WHAT THE TASK REQUIRES: Pictures aside, print all of the data below exactly as written.

SUPPLIED DATA:
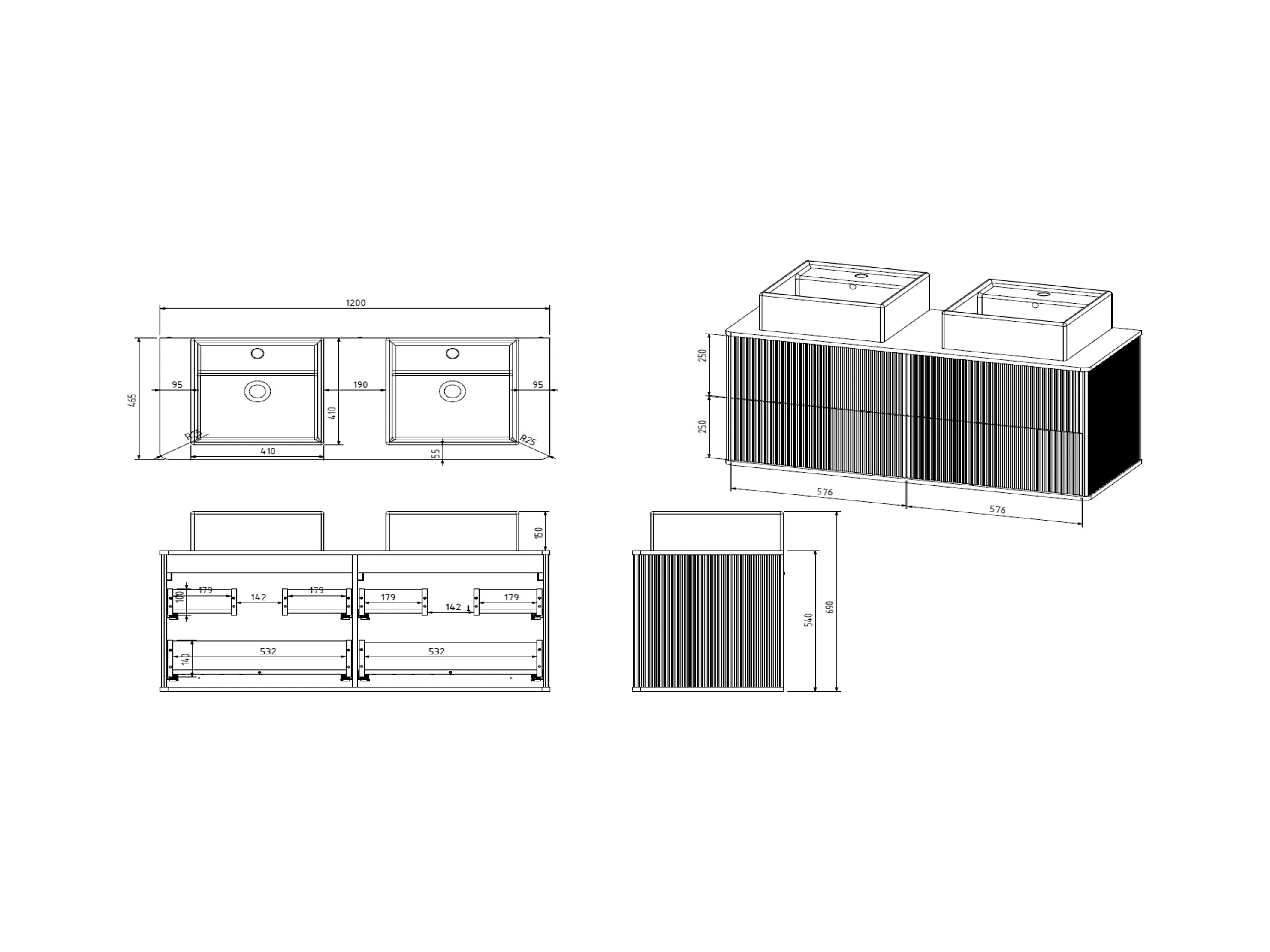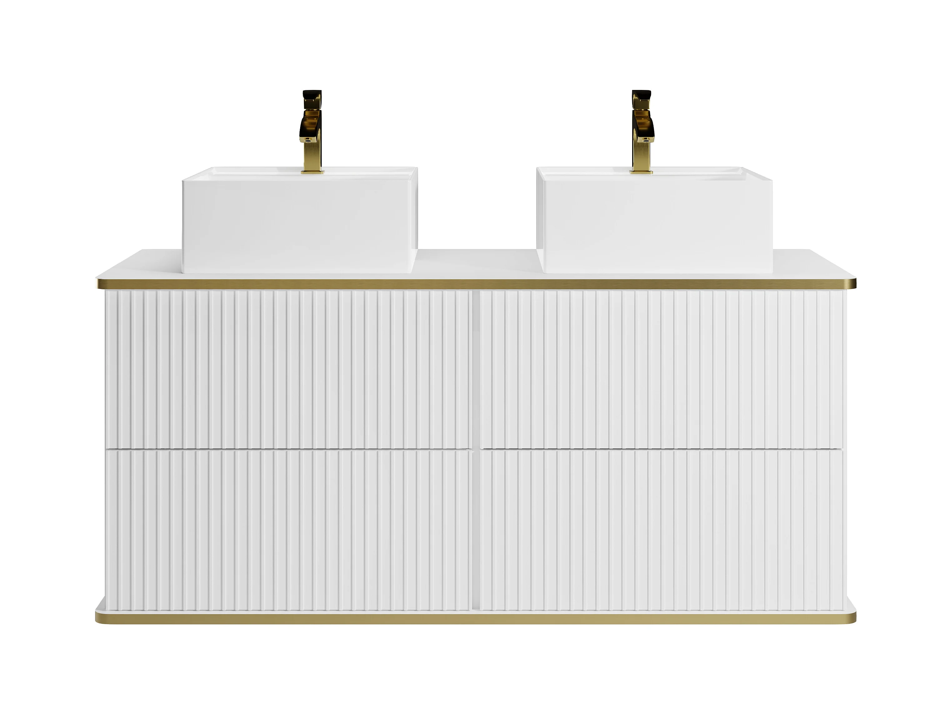 Meuble de salle de bain suspendu strié liseré doré avec double vasque à poser carrée - Blanc - 120 cm - KELIZA
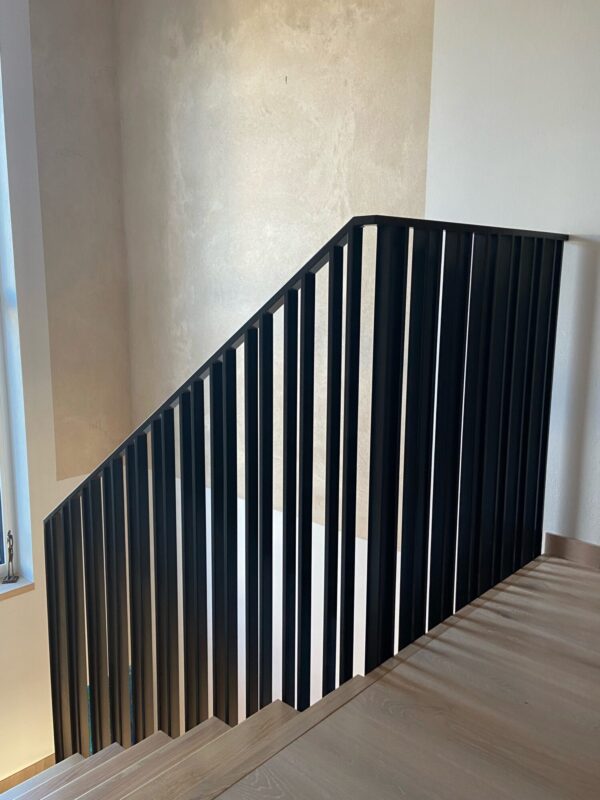 Metaliniai vidaus turėklai iš stačiakampių metalinių profilių. Šiame objekte perdarėme kolegų nekokybiškai pagamintus turėklus. Panaudojome šiek tiek platesnį profilį, tam kad turėklų detalės neišsilenktų kai jas virinome. Visur naudojamas preciziniai juodo plieno vamzdžiai.
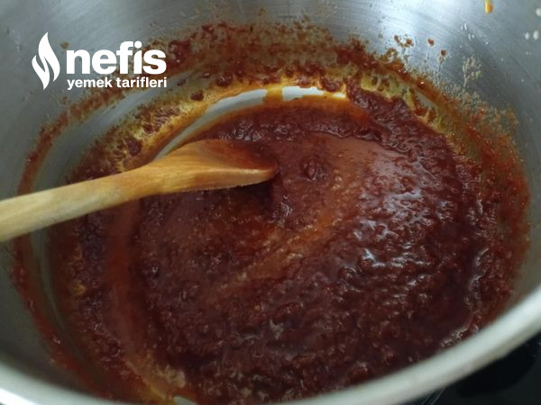 - Uygun bir tavaya tereyağını ve sıvı yağı alalım kızgın yağın üzerine salçayı ek edelim kokusu çıkana kadar kavuralım.
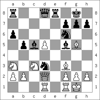 1.e4 c5 2.Nf3 e6 3.d4 cxd4 4.Nxd4 Nc6 5.Nb5 d6 6.c4 Nf6 7.N1c3 a6 8.Na3 d5 9.cxd5 exd5 10.exd5 Nb4 11.Be2 Bc5 12.O-O O-O 13.Bf3 Bf5 14.Bg5 Re8 15.Qd2 b5 16.Rad1 Nd3 17.Nab1 h6 18.Bh4 b4 19.Na4 Bd6 20.Bg3 Rc8 21.b3 g5 22.Bxd6 Qxd6 23.g3 Nd7 24.Bg2 Qf6 25.a3 a5 26.axb4 axb4 27.Qa2 Bg6 28.d6 g4 29.Qd2 Kg7 30.f3 Qxd6 31.fxg4 Qd4+ 32.Kh1 Nf6 33.Rf4 Ne4 34.Qxd3 Nf2+ 35.Rxf2 Bxd3 36.Rfd2 Qe3 37.Rxd3 Rc1 38.Nb2 Qf2 39.Nd2 Rxd1+ 40.Nxd1 Re1+ 0-1
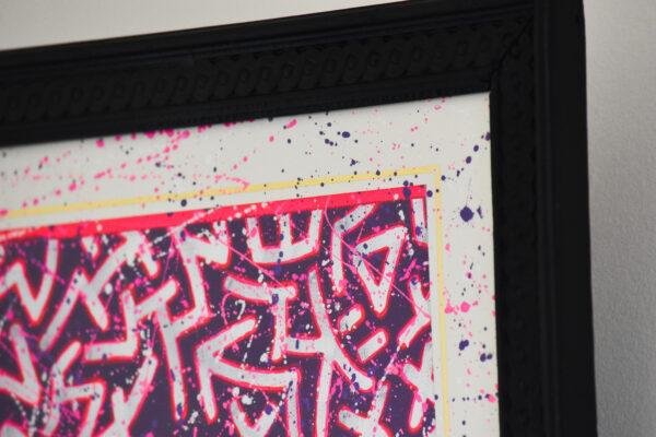 Bombe de peinture sur cadre, peinture acrylique et Posca sur papier entoilé et passe partout.
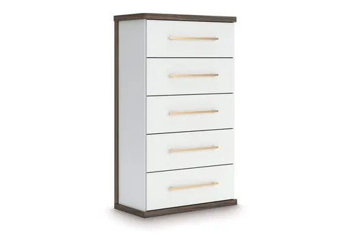 kendanport - five drawer chest - brown / white
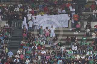 MÉXICO, D.F., 08JUNIO2012.- Mantas en contra de Peña Nieto fueron desplegadas en el Partido de México contra Guyana, y fueron retiradas por simpatizantes del priista con jaloneos y empujones. FOTO: JUAN PABLO ZAMORA /CUARTOSCURO.COM
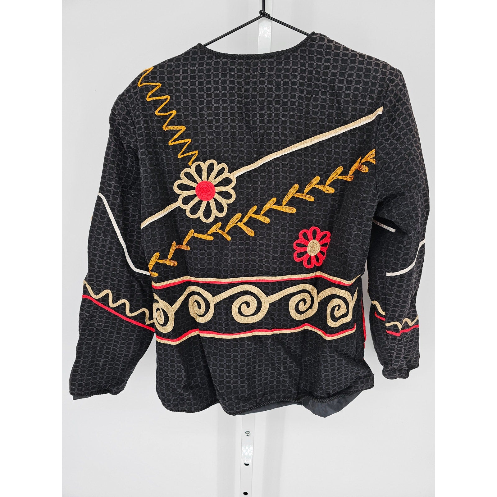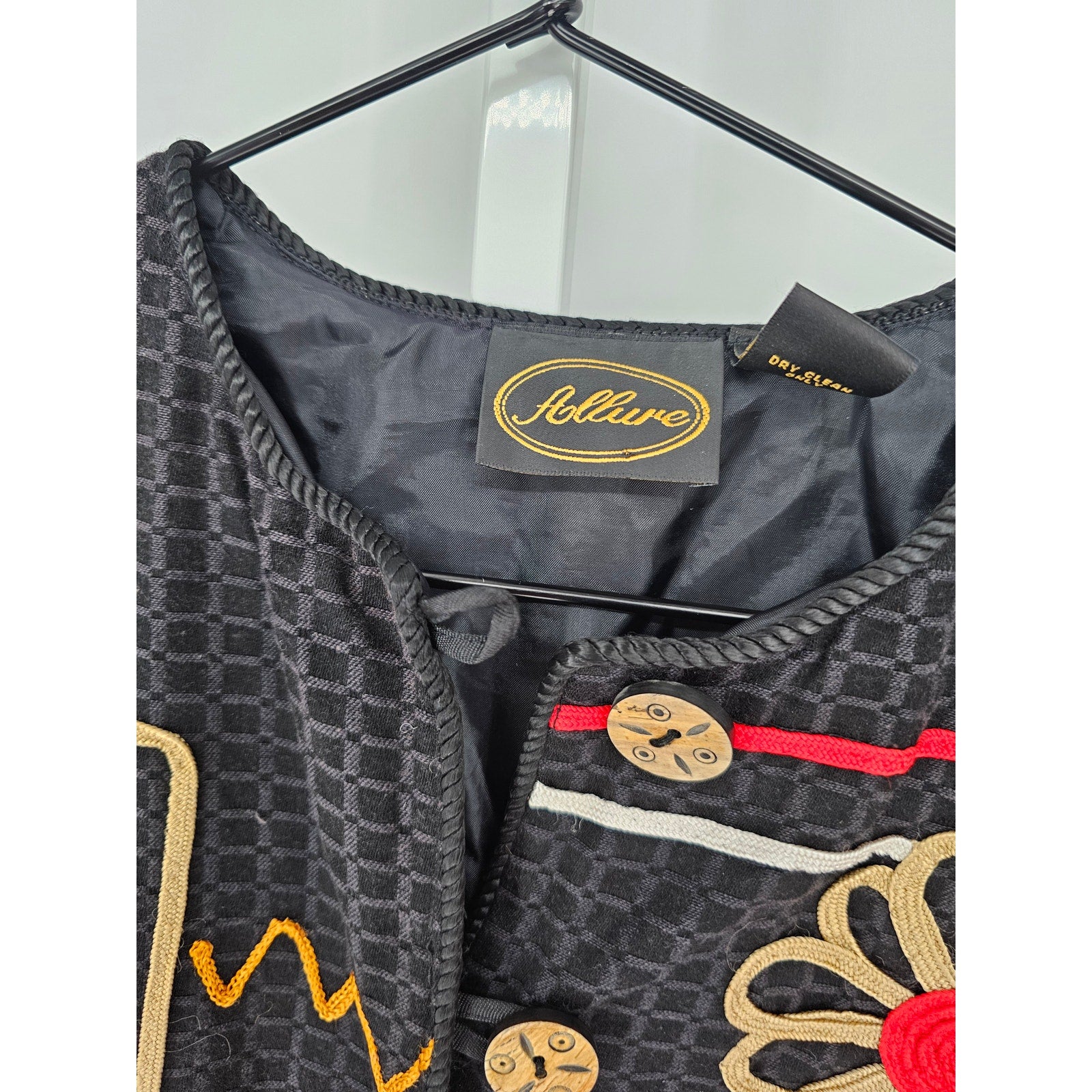 Allure Red Gold Black Floral Long Sleeve 80's Jacket Blazer Womens Sz S
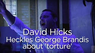 Former Guantanamo Bay detainee David Hicks has heckled Australia's Attorney General George Brandis after the release of a damning CIA report into the U.S. torture program.
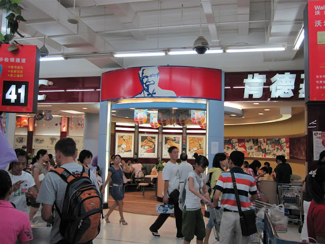I was dropped off in front of the Walmart in Nanjing. And dayumm...we’re talking levels Jerry. It seems that most of the super markets in China (well at least in Nanjing) are multiple floors. And most of the people are shopping with carts, so it’s not really possible to use escalators or stairs. Because of this, most of the floors are connected by inclined speedy walk-ways, like they have in airports, just with a slight incline. And yeah, they have a KFC at the end of the checkout area.
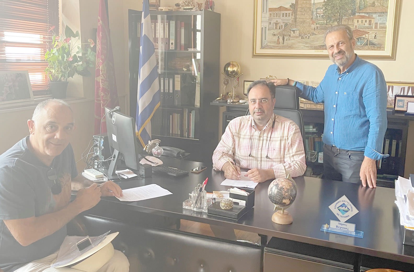 Στην υπογραφή της σύμβασης για την «ΚΑΤΑΣΚΕΥΗ ΤΟΙΧΙΩΝ ΑΝΤΙΣΤΗΡΙΞΗΣ» προχώρησαν ο Δήμαρχος Βέροιας, κ. Κωνσταντίνος Βοργιαζίδης και ο Αντιδήμαρχος Τεχνικών, κ. Αλέξανδρος Τσαχουρίδης, με τον κ. Κωνσταντίνο Ιωαννίδη, εκπρόσωπο της Κ. ΙΩΑΝΝΙΔΗΣ ΑΤΕ ΠΙΛΑΓΑΣ, που εδρεύει στη Βέροια.
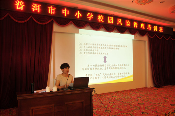 為認真貫徹落實《云南省教育廳關于舉辦中小學校園風險管理培訓班的通知》(云教函[2015]317號)文件精神,進一步加強普洱市學校安全教育和管理工作,切實提高基層學校風險防控的能力,于2015年8月25日舉辦了義務教育階段學校校園風險管理培訓班。我公司特邀請專業(yè)律師和保險專家,組成培訓小組,對參訓人員進行了培訓。專業(yè)律師和保險專家圍繞依法治校、安全管理方法、法律風險規(guī)避方法、教育風險及風險管理辦法、保險法等內(nèi)容展開了詳細的講解。我公司業(yè)務總監(jiān)羅琳對2014學年受理的校方責任保險案例作了詳盡的分析,并提出了相關風險管理建議。她指出,我省校園安全責任事故類型主要以意外傷害事故為主,因此加強安全與防范教育以及校園課間管理尤為重要?头苦嚂喳愒敿毥忉屃恕对颇鲜〗逃龔d等四部門關于加強學校保險工作的指導意見》(云教體[2014]26號)中所列的險種,并提出了相關建議。
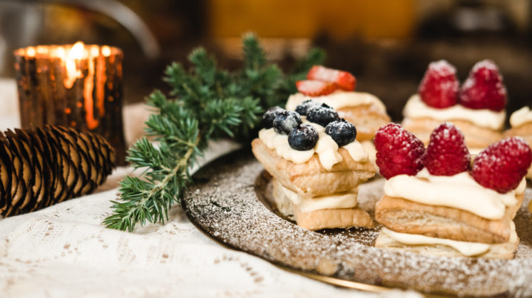 Using a serrated knife, cut the napoleons into 12 equal pieces and top with berries of your choice. Garnish with sifted confectioner’s sugar and serve chilled.

RESPONSE TO THE TASK:
 Meuble de salle de bain suspendu strié liseré doré avec double vasque à poser carrée - Blanc - 120 cm - KELIZA
 Metaliniai vidaus turėklai iš stačiakampių metalinių profilių. Šiame objekte perdarėme kolegų nekokybiškai pagamintus turėklus. Panaudojome šiek tiek platesnį profilį, tam kad turėklų detalės neišsilenktų kai jas virinome. Visur naudojamas preciziniai juodo plieno vamzdžiai.
 - Uygun bir tavaya tereyağını ve sıvı yağı alalım kızgın yağın üzerine salçayı ek edelim kokusu çıkana kadar kavuralım.
 1.e4 c5 2.Nf3 e6 3.d4 cxd4 4.Nxd4 Nc6 5.Nb5 d6 6.c4 Nf6 7.N1c3 a6 8.Na3 d5 9.cxd5 exd5 10.exd5 Nb4 11.Be2 Bc5 12.O-O O-O 13.Bf3 Bf5 14.Bg5 Re8 15.Qd2 b5 16.Rad1 Nd3 17.Nab1 h6 18.Bh4 b4 19.Na4 Bd6 20.Bg3 Rc8 21.b3 g5 22.Bxd6 Qxd6 23.g3 Nd7 24.Bg2 Qf6 25.a3 a5 26.axb4 axb4 27.Qa2 Bg6 28.d6 g4 29.Qd2 Kg7 30.f3 Qxd6 31.fxg4 Qd4+ 32.Kh1 Nf6 33.Rf4 Ne4 34.Qxd3 Nf2+ 35.Rxf2 Bxd3 36.Rfd2 Qe3 37.Rxd3 Rc1 38.Nb2 Qf2 39.Nd2 Rxd1+ 40.Nxd1 Re1+ 0-1
 Bombe de peinture sur cadre, peinture acrylique et Posca sur papier entoilé et passe partout.
 kendanport - five drawer chest - brown / white
 MÉXICO, D.F., 08JUNIO2012.- Mantas en contra de Peña Nieto fueron desplegadas en el Partido de México contra Guyana, y fueron retiradas por simpatizantes del priista con jaloneos y empujones. FOTO: JUAN PABLO ZAMORA /CUARTOSCURO.COM
 Allure Red Gold Black Floral Long Sleeve 80's Jacket Blazer Womens Sz S
 Former Guantanamo Bay detainee David Hicks has heckled Australia's Attorney General George Brandis after the release of a damning CIA report into the U.S. torture program.
I was dropped off in front of the Walmart in Nanjing. And dayumm...we’re talking levels Jerry. It seems that most of the super markets in China (well at least in Nanjing) are multiple floors. And most of the people are shopping with carts, so it’s not really possible to use escalators or stairs. Because of this, most of the floors are connected by inclined speedy walk-ways, like they have in airports, just with a slight incline. And yeah, they have a KFC at the end of the checkout area.
 Στην υπογραφή της σύμβασης για την «ΚΑΤΑΣΚΕΥΗ ΤΟΙΧΙΩΝ ΑΝΤΙΣΤΗΡΙΞΗΣ» προχώρησαν ο Δήμαρχος Βέροιας, κ. Κωνσταντίνος Βοργιαζίδης και ο Αντιδήμαρχος Τεχνικών, κ. Αλέξανδρος Τσαχουρίδης, με τον κ. Κωνσταντίνο Ιωαννίδη, εκπρόσωπο της Κ. ΙΩΑΝΝΙΔΗΣ ΑΤΕ ΠΙΛΑΓΑΣ, που εδρεύει στη Βέροια.
 為認真貫徹落實《云南省教育廳關于舉辦中小學校園風險管理培訓班的通知》(云教函[2015]317號)文件精神,進一步加強普洱市學校安全教育和管理工作,切實提高基層學校風險防控的能力,于2015年8月25日舉辦了義務教育階段學校校園風險管理培訓班。我公司特邀請專業(yè)律師和保險專家,組成培訓小組,對參訓人員進行了培訓。專業(yè)律師和保險專家圍繞依法治校、安全管理方法、法律風險規(guī)避方法、教育風險及風險管理辦法、保險法等內(nèi)容展開了詳細的講解。我公司業(yè)務總監(jiān)羅琳對2014學年受理的校方責任保險案例作了詳盡的分析,并提出了相關風險管理建議。她指出,我省校園安全責任事故類型主要以意外傷害事故為主,因此加強安全與防范教育以及校園課間管理尤為重要?头苦嚂喳愒敿毥忉屃恕对颇鲜〗逃龔d等四部門關于加強學校保險工作的指導意見》(云教體[2014]26號)中所列的險種,并提出了相關建議。
 Using a serrated knife, cut the napoleons into 12 equal pieces and top with berries of your choice. Garnish with sifted confectioner’s sugar and serve chilled.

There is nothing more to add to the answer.